Feb. 18, 2021, 12:05 AM

The U.S. Supreme Court should consider and reverse a “bombshell” appellate decision against Volkswagen Group of America Inc. “that threatens fundamentally to alter the regulatory environment faced by global automakers,” international auto industry associations told the court.

Uniform, or harmonized, vehicle regulations across countries “have played a vital part in promoting the widespread availability of motor vehicles throughout the world,” the groups said Tuesday in a friend of the court brief.

At issue is a recent decision by the U.S. Court of Appeals for the Ninth Circuit, allowing lawsuits by two counties against VW over post-sale software updates allegedly connected to diesel emissions cheating.

If that decision stands, automakers “would face staggering potential liability; consumers would face confusion, higher vehicle prices, and restricted vehicle choices; and the environment would suffer as manufacturers may avoid or delay improving their emission systems,” the International Organization of Motor Vehicle Manufacturers and two other groups said.

“Global manufacturers also fear that regulation by multiple state and local regulators could give rise to discrimination and arbitrary enforcement,” they said.

Court Review Called ‘Critical’

Another worldwide automakers’ group, the Alliance for Automotive Innovation, together with a U.S. dealers’ association, also asked the high court to take the case. The Ninth Circuit’s decision “will make it difficult (and in some cases, impossible) for the industry to implement essential updates that improve the performance and emissions of in-use vehicles,” they told the court Wednesday.

“This Court’s intervention is critical,” they said.

The Product Liability Advisory Council, which advocates on legal issues affecting manufacturers, and a group of U.S. part makers chimed in as well, saying the appellate decision “represents a significant departure from over 50 years of federal regulation of fleet-wide vehicle emissions.”

It “implicates enormous potential liability because of the sheer number of updates that manufacturers make to vehicles after they are sold,” they said.

Remedy Options Reduced

Four former officials with the Environmental Protection Agency, the California Air Resources Board, and the Department of Justice also urged the court to take the case. By taking away the environmental agencies’ exclusive authority, “the Ninth Circuit’s decision hampers, if not eliminates, EPA, CARB, and DOJ’s ability to remedy violations of emissions standards through settlements with vehicle manufacturers,” they said.
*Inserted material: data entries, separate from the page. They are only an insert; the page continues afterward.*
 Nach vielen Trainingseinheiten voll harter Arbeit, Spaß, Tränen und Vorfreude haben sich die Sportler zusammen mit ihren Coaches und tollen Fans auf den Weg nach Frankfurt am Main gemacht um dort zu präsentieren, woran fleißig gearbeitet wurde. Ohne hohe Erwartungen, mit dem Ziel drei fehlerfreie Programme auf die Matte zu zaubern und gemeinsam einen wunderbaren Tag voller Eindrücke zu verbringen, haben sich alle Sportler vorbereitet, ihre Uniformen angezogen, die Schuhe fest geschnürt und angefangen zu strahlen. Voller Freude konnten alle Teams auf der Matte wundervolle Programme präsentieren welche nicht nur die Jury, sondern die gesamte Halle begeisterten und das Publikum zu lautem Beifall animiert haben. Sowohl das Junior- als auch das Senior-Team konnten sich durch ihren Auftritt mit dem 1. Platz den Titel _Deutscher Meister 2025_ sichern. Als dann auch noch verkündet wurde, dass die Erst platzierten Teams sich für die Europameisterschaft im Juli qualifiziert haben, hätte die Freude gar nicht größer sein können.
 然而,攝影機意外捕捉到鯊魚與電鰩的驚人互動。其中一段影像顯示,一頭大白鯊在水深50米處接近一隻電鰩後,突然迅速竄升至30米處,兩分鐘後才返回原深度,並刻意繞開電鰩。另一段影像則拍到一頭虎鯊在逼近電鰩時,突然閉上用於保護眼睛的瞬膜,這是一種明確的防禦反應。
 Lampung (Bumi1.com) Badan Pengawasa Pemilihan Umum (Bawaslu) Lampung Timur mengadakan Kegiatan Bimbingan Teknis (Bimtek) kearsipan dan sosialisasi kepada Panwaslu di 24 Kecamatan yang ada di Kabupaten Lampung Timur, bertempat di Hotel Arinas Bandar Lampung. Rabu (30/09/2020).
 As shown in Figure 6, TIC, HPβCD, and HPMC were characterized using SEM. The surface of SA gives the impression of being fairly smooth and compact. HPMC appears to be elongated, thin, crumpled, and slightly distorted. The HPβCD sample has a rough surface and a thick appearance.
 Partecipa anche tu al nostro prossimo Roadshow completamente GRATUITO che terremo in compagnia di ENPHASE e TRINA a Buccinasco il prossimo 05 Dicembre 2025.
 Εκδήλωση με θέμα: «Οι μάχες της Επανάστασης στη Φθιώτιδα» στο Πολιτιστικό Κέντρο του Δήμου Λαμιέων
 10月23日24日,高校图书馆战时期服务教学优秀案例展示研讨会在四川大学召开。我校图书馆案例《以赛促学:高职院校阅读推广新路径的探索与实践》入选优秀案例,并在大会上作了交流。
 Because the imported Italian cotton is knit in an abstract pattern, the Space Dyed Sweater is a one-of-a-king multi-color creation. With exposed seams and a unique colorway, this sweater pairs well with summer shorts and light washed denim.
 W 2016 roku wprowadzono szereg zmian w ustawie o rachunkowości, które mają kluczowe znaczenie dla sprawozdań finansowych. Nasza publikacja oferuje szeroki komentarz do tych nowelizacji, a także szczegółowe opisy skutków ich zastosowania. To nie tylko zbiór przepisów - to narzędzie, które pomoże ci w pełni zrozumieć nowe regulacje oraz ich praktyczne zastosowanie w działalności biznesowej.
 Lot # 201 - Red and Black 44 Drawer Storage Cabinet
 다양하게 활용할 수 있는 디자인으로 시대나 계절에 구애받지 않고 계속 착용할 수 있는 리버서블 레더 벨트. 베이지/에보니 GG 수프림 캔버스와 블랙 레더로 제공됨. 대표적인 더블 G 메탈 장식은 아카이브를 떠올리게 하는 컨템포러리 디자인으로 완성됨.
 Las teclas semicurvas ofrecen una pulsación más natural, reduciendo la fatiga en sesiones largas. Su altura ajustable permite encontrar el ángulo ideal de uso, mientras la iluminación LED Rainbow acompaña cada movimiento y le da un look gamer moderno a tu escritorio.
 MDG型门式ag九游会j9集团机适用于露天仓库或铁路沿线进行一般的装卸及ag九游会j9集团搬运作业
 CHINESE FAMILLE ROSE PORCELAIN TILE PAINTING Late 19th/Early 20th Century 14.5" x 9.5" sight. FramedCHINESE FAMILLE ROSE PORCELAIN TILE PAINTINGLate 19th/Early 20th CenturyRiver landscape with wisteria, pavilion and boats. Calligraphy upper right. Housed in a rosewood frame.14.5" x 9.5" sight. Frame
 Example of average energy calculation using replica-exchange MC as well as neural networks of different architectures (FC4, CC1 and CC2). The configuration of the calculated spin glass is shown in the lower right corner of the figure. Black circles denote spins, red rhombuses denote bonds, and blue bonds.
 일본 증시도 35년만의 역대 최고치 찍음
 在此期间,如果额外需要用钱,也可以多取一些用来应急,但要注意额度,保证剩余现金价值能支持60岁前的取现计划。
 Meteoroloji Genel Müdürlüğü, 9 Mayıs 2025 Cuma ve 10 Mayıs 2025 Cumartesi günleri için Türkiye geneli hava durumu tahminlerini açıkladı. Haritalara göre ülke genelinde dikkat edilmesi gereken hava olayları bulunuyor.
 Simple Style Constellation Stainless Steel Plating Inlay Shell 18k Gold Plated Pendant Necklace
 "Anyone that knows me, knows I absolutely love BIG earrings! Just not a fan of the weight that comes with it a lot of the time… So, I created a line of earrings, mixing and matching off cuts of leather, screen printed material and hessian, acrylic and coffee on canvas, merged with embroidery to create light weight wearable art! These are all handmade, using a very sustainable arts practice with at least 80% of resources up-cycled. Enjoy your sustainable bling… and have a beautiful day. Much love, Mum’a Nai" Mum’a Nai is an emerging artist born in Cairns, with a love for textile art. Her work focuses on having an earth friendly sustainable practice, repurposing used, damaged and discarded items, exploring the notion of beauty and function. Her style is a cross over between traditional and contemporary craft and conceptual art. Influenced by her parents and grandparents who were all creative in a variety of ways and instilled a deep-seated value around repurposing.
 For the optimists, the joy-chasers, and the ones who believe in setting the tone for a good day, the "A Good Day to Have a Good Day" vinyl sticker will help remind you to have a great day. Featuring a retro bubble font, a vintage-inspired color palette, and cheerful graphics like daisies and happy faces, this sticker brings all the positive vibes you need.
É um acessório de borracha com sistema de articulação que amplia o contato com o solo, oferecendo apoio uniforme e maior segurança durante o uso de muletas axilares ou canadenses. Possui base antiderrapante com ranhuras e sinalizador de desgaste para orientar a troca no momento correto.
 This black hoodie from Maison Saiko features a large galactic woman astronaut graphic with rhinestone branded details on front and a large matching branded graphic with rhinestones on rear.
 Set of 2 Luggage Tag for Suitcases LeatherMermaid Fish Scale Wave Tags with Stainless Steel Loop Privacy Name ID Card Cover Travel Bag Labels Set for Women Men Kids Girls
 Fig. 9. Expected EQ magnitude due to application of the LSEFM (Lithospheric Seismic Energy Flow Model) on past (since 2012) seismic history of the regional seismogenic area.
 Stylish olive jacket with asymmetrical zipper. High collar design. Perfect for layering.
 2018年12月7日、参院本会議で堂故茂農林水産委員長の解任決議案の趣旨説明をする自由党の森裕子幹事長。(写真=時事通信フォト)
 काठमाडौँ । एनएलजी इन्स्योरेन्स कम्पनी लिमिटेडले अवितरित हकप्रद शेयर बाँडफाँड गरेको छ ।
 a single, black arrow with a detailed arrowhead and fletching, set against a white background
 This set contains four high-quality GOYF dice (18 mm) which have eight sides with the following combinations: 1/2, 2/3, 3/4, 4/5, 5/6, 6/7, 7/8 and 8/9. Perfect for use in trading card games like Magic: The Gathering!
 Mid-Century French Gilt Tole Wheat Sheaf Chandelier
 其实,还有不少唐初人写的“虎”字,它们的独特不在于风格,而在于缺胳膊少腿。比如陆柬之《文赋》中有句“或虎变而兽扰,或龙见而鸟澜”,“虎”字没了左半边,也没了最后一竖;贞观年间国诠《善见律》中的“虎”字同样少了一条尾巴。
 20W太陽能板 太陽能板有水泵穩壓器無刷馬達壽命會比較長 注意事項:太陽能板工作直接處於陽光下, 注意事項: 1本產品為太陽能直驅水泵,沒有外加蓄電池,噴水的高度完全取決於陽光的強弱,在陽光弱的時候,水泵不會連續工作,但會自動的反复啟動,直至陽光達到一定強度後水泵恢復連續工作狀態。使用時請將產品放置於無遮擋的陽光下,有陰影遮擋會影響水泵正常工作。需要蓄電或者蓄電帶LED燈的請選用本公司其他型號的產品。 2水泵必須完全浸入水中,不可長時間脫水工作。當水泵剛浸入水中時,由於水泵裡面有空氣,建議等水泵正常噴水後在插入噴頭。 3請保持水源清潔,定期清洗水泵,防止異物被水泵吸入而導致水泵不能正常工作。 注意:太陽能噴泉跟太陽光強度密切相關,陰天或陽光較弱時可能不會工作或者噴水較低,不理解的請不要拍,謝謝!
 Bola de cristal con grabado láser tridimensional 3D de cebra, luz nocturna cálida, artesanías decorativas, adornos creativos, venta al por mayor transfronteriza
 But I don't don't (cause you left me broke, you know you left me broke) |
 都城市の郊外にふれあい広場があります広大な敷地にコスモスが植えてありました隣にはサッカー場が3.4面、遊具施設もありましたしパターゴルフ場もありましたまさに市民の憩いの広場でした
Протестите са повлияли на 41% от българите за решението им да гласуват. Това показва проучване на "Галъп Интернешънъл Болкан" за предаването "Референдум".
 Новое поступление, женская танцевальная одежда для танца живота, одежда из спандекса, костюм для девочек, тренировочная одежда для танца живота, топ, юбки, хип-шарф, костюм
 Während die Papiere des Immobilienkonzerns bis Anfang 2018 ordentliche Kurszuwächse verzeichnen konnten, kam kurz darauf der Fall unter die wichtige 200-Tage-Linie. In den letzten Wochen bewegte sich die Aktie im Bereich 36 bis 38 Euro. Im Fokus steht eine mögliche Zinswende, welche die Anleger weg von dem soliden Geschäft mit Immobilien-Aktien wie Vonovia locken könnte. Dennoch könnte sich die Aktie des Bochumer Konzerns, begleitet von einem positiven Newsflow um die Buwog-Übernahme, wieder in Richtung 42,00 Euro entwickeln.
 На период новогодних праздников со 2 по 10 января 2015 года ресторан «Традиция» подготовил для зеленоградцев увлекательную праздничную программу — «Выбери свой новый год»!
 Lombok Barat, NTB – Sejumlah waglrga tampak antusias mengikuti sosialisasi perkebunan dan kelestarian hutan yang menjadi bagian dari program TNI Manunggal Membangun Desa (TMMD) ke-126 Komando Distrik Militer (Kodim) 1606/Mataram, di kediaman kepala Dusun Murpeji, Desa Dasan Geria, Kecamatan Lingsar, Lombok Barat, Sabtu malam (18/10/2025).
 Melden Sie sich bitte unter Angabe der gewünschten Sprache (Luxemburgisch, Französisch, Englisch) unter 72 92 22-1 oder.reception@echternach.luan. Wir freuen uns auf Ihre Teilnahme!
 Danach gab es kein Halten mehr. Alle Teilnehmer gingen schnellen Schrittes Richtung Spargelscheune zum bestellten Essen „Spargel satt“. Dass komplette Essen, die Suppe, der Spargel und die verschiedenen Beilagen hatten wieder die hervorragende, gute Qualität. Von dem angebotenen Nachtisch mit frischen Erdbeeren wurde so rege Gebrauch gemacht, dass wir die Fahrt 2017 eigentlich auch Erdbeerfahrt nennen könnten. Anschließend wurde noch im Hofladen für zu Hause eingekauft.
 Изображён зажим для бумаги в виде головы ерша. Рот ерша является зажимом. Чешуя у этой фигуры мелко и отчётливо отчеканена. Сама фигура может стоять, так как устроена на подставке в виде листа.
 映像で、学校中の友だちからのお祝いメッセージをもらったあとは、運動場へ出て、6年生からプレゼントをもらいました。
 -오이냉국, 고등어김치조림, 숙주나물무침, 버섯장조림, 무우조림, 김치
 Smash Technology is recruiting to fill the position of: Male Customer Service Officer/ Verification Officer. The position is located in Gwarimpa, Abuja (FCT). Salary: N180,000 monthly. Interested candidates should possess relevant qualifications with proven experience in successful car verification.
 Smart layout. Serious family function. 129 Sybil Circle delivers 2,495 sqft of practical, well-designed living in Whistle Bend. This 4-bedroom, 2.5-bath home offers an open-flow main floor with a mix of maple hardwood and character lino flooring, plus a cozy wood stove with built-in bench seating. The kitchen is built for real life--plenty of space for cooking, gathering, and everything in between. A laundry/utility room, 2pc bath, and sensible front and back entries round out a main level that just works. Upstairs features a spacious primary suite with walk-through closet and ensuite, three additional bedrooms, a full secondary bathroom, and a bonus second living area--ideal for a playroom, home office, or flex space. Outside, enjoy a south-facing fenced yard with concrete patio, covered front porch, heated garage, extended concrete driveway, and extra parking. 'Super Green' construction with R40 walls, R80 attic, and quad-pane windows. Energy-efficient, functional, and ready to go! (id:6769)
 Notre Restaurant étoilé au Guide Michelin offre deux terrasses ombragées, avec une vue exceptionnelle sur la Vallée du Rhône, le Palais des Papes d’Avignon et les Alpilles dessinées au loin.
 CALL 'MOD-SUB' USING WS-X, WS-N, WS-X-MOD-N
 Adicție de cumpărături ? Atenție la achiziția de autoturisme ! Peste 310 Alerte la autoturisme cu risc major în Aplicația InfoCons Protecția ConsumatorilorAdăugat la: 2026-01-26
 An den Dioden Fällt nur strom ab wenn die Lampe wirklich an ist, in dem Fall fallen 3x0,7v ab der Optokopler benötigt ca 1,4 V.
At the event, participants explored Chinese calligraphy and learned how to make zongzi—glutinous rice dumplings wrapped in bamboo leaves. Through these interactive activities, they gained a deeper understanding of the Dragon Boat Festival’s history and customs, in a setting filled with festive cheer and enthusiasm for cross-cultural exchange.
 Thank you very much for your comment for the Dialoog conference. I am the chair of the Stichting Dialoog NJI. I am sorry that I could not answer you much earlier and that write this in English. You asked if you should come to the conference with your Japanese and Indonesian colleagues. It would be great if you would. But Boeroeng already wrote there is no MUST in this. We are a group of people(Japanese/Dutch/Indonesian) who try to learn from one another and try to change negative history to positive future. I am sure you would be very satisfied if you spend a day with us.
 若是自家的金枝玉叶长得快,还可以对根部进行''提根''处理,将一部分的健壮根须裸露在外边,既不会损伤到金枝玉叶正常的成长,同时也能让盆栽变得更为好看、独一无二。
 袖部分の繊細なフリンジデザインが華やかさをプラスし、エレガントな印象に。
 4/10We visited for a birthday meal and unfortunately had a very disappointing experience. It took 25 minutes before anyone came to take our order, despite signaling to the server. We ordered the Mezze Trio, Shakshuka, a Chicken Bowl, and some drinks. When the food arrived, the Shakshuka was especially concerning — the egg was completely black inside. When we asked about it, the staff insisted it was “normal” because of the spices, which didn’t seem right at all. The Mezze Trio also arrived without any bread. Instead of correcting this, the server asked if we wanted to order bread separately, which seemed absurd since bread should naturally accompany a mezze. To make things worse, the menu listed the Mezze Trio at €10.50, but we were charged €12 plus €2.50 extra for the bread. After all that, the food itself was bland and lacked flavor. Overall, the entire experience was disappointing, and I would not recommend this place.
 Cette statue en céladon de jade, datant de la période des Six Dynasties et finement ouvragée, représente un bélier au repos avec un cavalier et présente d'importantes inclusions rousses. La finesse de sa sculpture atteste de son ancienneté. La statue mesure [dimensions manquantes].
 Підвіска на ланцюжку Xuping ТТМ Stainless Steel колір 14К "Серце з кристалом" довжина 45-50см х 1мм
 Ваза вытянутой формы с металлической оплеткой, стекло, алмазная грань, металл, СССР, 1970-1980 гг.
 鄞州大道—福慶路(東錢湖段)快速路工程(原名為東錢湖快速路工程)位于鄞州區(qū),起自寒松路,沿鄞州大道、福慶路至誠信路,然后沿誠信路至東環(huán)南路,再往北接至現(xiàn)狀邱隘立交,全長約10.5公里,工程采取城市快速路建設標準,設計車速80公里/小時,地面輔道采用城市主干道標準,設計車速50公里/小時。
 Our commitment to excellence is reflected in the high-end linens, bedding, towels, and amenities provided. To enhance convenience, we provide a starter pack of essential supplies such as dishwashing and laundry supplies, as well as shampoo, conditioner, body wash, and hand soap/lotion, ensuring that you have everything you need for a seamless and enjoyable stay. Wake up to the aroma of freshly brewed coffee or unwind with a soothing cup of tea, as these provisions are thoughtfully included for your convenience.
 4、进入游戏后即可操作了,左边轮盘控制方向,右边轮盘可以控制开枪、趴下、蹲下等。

“Such settlements often involve a manufacturer’s agreement to perform remedial measures, fix affected vehicles without charge to consumers, and sometimes pay significant fines. Manufacturers enter into these settlements, which can exceed several billion dollars in total costs, in exchange for the certainty of a final resolution,” said the ex-officials, Jeffrey E. Holmstead, Ronald J. Tenpas, John B. Dunlap III, and Lynn Buhl.

Also on Tuesday, the justices asked the counties, which had waived their right to respond to VW’s petition for certiorari, to file a reply.

Sidley Austin LLP represents the IOMVM and two European industry groups.

Arnold & Porter Kaye Scholer LLP represents Auto Innovators and the dealers’ group.

Mayer Brown LLP represents PLAC and the part makers.

McGuireWoods LLP represents the former officials.

The case is Volkswagen Grp. of Am., Inc. v. Envtl. Prot. Comm’n of Hillsborough Cnty., U.S., No. 20-994, amicus briefs filed 2/16/21.